Key benchmark indices registered small losses after the Reserve Bank of India (RBI) kept its benchmark lending rate viz. the repo rate unchanged after a policy review. The barometer index, the S&P BSE Sensex, fell 97.41 points or 0.35% to settle at 28,085.16. The Nifty 50 index dropped 33.10 points or 0.38% to settle at 8,678.25. The Sensex managed to settle above the psychological 28,000 mark after alternately moving above and below that mark after falling below the mark in early afternoon trade. The RBI's decision to keep the repo rate unchanged was in line with market expectations. Key indices snapped three-day winning streak today, 9 August 2016. With the lone exception of the BSE Consumer Durables index, all the other sectoral indices on BSE registered losses.

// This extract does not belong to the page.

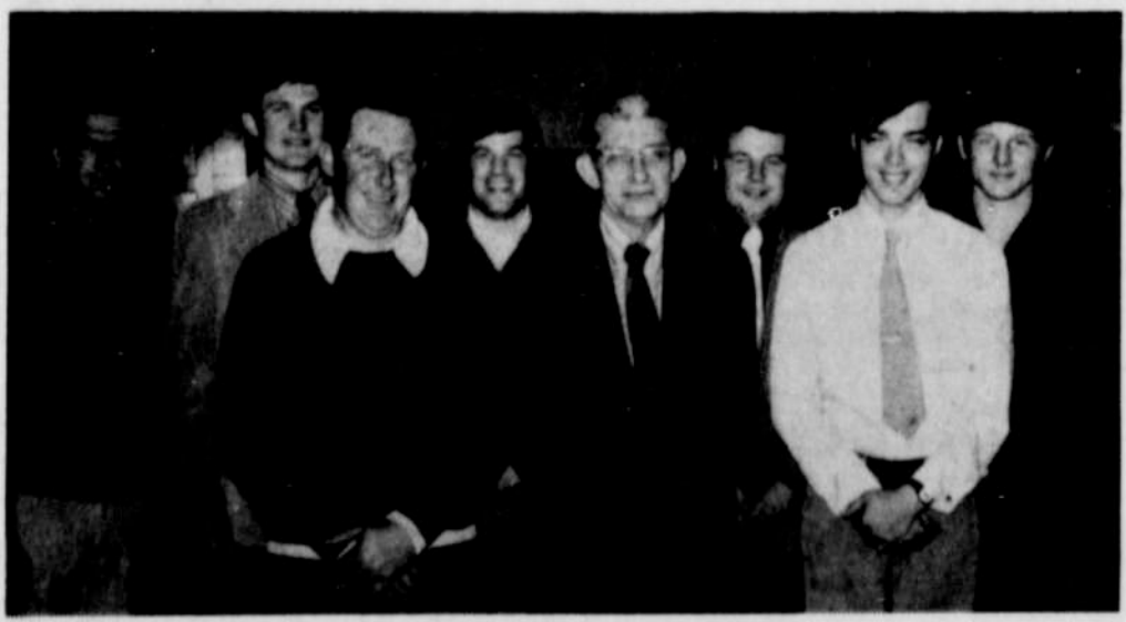
SEVEN NEW MEMBERS of the Nyssa Eagles Lodge, Aerie No. 2134, were initiated in impressive ceremonies last Wednesday evening.
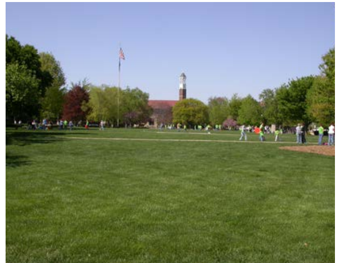
Figure 1. Proper seasonal fertilization is essential to sustaining turf health and appearance.

By contrast, warm-season grasses perform best in warmer climates and are less common in the Midwest, except near the Ohio River valley. These grasses thrive and grow when many cool-season varieties go dormant. Zoysiagrass and bermudagrass are common warm-season species.

The Sensex fell 97.41 points or 0.35% to settle at 28,085.16, its lowest closing level since 5 August 2016. The index lost 225.80 points or 0.8% at the day's low of 27,956.77. The index rose 107.39 points or 0.38% at the day's high of 28,289.96, its highest level since 10 August 2015.

The Nifty dropped 33.10 points or 0.38% to settle at 8,678.25, its lowest closing level since 4 August 2016. The index fell 73.15 points or 0.83% at the day's low of 8,638.20. The index rose 17 points or 0.2% at the day's high of 8,728.35, its highest level since 16 April 2015.

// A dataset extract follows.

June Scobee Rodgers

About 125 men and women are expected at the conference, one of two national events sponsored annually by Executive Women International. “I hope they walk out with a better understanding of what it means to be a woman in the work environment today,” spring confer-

The market breadth indicating the overall health of the market was negative. On BSE, 1,572 shares fell and 1,182 shares rose. A total of 133 shares were unchanged. The BSE Mid-Cap index shed 0.35%. The fall in this index matched with the Sensex's decline in percentage terms. The BSE Small-Cap index lost 0.45%. The fall in this index was higher than the Sensex's decline in percentage terms.

The total turnover on BSE amounted to Rs 3522 crore, lower than turnover of Rs 3742.64 crore registered during the previous trading session.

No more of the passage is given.